Social Cognition in Schizophrenia

Amy E. Pinkham, PhD

Social cognition is often defined as the cognitive processes that allow people to perceive, interpret, and respond to the intentions, dispositions, and behaviors of others. This definition highlights a link between social cognition and behavior that may be crucial for understanding the social impairments that are among the defining features of schizophrenia.

The 4 Domains of Social Cognition

Current consensus among experts in the field identifies 4 core domains of social cognition: (1) emotion processing, (2) social perception, (3) theory of mind/mental state attribution (ToM), and (4) attributional style/bias.1 Emotion processing is broadly defined as perceiving and using emotional information and encompasses both simple and complex behavior. Social perception is defined as decoding and interpreting social cues in others. ToM refers to the ability to represent human mental states and/or make inferences about others’ intentions and beliefs. Finally, attributional style pertains to the ways in which individuals explain positive and negative social events in their lives.1

Social Cognition and Schizophrenia

Social cognition represents a significant area of impairment for individuals with schizophrenia that spans all of the domains detailed above. Specifically, patients show large deficits in emotion recognition, social cue perception, and ToM, and when explaining events, individuals with schizophrenia tend to blame others, rather than situational factors, for negative outcomes.2-5 These difficulties are evident early in the course of the disorder, including the prodromal phase, and are stable over time.6-11 Further, although there is clearly overlap between social cognition and neurocognitive abilities such as memory, attention, and executive function, social cognition appears to be largely independent from neurocognition.4 Most importantly, social cognition impacts real-world outcomes.12 Treatment programs targeted toward improving social cognitive abilities have also resulted in improved outcomes including social adjustment, social functioning, social relationships, and social skills.1

The Social Cognitive Neural Network

Social cognitive abilities are linked to specific neural circuits that show functional abnormalities in individuals with schizophrenia.13,14 Patients tend to show abnormal activation of a network including fusiform gyrus, superior temporal sulcus, amygdala, ventrolateral prefrontal cortex, and medial prefrontal cortex when processing social stimuli (AV 1).
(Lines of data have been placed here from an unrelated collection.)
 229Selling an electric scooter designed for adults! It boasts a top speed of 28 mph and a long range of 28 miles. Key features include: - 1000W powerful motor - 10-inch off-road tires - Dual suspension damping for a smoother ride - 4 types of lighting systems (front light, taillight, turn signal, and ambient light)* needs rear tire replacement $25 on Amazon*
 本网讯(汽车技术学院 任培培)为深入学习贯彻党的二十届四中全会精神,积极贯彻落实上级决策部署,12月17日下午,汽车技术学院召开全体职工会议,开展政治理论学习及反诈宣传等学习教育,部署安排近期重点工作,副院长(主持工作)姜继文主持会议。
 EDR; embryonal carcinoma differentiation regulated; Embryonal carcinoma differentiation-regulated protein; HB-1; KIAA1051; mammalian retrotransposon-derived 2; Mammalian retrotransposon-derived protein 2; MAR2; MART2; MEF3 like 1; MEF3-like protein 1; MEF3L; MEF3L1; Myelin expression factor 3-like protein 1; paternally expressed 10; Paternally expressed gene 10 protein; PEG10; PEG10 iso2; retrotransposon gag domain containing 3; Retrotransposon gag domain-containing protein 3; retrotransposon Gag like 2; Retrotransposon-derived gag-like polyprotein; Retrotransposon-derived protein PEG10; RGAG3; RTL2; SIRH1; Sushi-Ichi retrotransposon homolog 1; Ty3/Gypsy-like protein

Investigations of these neural networks in patients have also demonstrated that brain activation is significantly and positively correlated with social functioning, which suggests that abnormal activation in social cognitive networks may serve as a mechanism for social dysfunction in schizophrenia.15-17 Findings such as these highlight the potential importance of treating social cognitive impairments and pursuing remediation strategies that will normalize these neural processes.
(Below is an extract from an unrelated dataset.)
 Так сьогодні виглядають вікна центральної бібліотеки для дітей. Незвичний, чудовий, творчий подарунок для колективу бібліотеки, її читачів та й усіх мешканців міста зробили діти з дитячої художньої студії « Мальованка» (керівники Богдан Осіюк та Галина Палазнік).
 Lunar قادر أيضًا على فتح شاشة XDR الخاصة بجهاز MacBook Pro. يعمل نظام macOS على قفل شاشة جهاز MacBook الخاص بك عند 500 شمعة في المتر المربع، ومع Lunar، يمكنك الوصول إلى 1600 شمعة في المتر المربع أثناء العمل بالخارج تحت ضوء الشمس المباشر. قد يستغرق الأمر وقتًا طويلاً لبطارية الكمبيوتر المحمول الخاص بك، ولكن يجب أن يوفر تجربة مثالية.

AV 1. A Neural Basis of Social Cognition (00:48)

Future Implications

Despite the promise of social cognition for contributing to our understanding of social impairment in schizophrenia, there are many challenges in this area moving forward, and among them is the issue of measurement. There is disagreement about which tasks best measure social cognition, and many existing measures show poor psychometric properties. A recent project, the Social Cognition Psychometric Evaluation (SCOPE) study, aims to address these problems by providing the field with a well-validated battery of social cognitive tasks that can be used in treatment outcome trials.1

In summary, social cognition is an exciting area of research that offers promise for better understanding the social dysfunction seen in schizophrenia. Research is honing in on the potential mechanisms of social cognitive impairment in patients, and with improved measurement, there is promise for optimizing behavioral and pharmacologic interventions and remediation strategies.
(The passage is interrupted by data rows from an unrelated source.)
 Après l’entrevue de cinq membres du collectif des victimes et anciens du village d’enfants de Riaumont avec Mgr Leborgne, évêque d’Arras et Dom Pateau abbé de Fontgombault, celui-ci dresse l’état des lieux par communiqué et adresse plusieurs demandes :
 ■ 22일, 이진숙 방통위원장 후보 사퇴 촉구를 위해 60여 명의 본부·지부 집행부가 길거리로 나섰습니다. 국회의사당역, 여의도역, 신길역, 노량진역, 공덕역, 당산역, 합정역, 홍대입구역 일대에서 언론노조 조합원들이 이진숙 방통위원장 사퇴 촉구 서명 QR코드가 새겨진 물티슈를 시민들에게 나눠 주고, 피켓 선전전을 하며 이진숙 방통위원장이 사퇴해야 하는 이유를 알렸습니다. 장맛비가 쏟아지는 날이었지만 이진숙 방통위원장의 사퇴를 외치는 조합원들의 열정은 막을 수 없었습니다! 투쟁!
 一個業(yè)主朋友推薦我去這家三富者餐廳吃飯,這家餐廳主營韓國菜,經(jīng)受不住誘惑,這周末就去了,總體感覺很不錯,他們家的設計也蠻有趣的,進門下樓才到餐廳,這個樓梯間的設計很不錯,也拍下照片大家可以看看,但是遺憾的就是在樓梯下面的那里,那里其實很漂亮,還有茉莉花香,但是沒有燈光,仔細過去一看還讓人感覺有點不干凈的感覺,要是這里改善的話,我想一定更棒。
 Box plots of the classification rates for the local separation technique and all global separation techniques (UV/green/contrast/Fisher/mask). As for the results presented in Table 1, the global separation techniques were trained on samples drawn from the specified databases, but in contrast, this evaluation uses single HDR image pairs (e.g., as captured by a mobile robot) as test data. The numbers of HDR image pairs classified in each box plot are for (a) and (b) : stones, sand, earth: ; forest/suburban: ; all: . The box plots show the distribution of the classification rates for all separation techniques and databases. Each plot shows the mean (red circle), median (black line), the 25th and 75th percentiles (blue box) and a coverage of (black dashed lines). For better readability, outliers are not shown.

  1. Pinkham AE, Penn DL, Green MF, et al. Schizophr Bull. doi:10.1093/schbul/sbt081 PubMed
  2. Brüne M. Schizophr Bull. 2005;31(1):21–42. doi:10.1093/schbul/sbi002 PubMed
  3. Penn DL, Sanna LJ, Roberts DL. Schizophr Bull. 2008;34(3):408–411. doi:10.1093/schbul/sbn014 PubMed
  4. Pinkham AE. In: Harvey PD, ed. Cognitive Impairment in Schizophrenia: Characteristics, Assessment, and Treatment. New York, NY: Cambridge University Press; 2013:126–141. doi:10.1017/CBO9781139003872.009
  5. Pinkham AE, Gur RE, Gur RC. Expert Rev Neurother. 2007;7(7):807–816. doi:10.1586/14737175.7.7.807 PubMed
  6. Pinkham A, Penn D, Wangelin B, et al. Schizophr Res. 2005;79(2–3):341–343. doi:10.1016/j.schres.2005.07.012 PubMed
  7. Green MF, Bearden CE, Cannon TD, et al. Schizophr Bull. 2012;38(4):854–864. doi:10.1093/schbul/sbq171 PubMed
  8. Horan WP, Green MF, DeGroot M, et al. Schizophr Bull. 2012;38(4):865–872. doi:10.1093/schbul/sbr001 PubMed
  9. Addington J, Penn D, Woods SW, et al. Br J Psychiatry. 2008;192(1):67–68. doi:10.1192/bjp.bp.107.039784 PubMed
  10. Chung YS, Kang DH, Shin NY, et al. Schizophr Res. 2008;99(1–3):111–118. doi:10.1016/j.schres.2007.11.012 PubMed
  11. Phillips LK, Seidman LJ. Schizophr Bull. 2008;34(5):888–903. doi:10.1093/schbul/sbn085 PubMed
  12. Fett AK, Viechtbauer W, Dominguez MD, et al. Neurosci Biobehav Rev. 2011;35(3):573–588. doi:10.1016/j.neubiorev.2010.07.001 PubMed
  13. Pinkham AE. In: Roberts DL, Penn DL, eds. Social Cognition in Schizophrenia: From Evidence to Treatment. New York, NY: Oxford University Press; 2013:263–284.
  14. Pinkham AE, Penn DL, Perkins DO, et al. Am J Psychiatry. 2003;160(5):815–824. doi:10.1176/appi.ajp.160.5.815 PubMed
  15. Pinkham AE, Hopfinger JB, Ruparel K, et al. Schizophr Bull. 2008;34(4):688–697. doi:10.1093/schbul/sbn031 PubMed
  16. Pinkham AE, Loughead J, Ruparel K, et al. Am J Psychiatry. 2011;168(3):293–301. doi:10.1176/appi.ajp.2010.10060832 PubMed
  17. Dodell-Feder D, Tully LM, Lincoln SH, et al. Neuroimage Clin. 2013;4:154–163. doi:10.1016/j.nicl.2013.11.006 PubMed
Amy E. Pinkham, PhD

Amy E. Pinkham, PhD

Department of Psychology, Southern Methodist University, and the Department of Psychiatry, University of Texas Southwestern Medical Center, Dallas

This Brief Report is derived from the roundtable meeting “Understanding the lifetime course of schizophrenia: a longitudinal perspective on neurobiology to promote better outcomes and recovery,” which was held October 15, 2013. The author acknowledges Healthcare Global Village for editorial assistance in developing the manuscripts.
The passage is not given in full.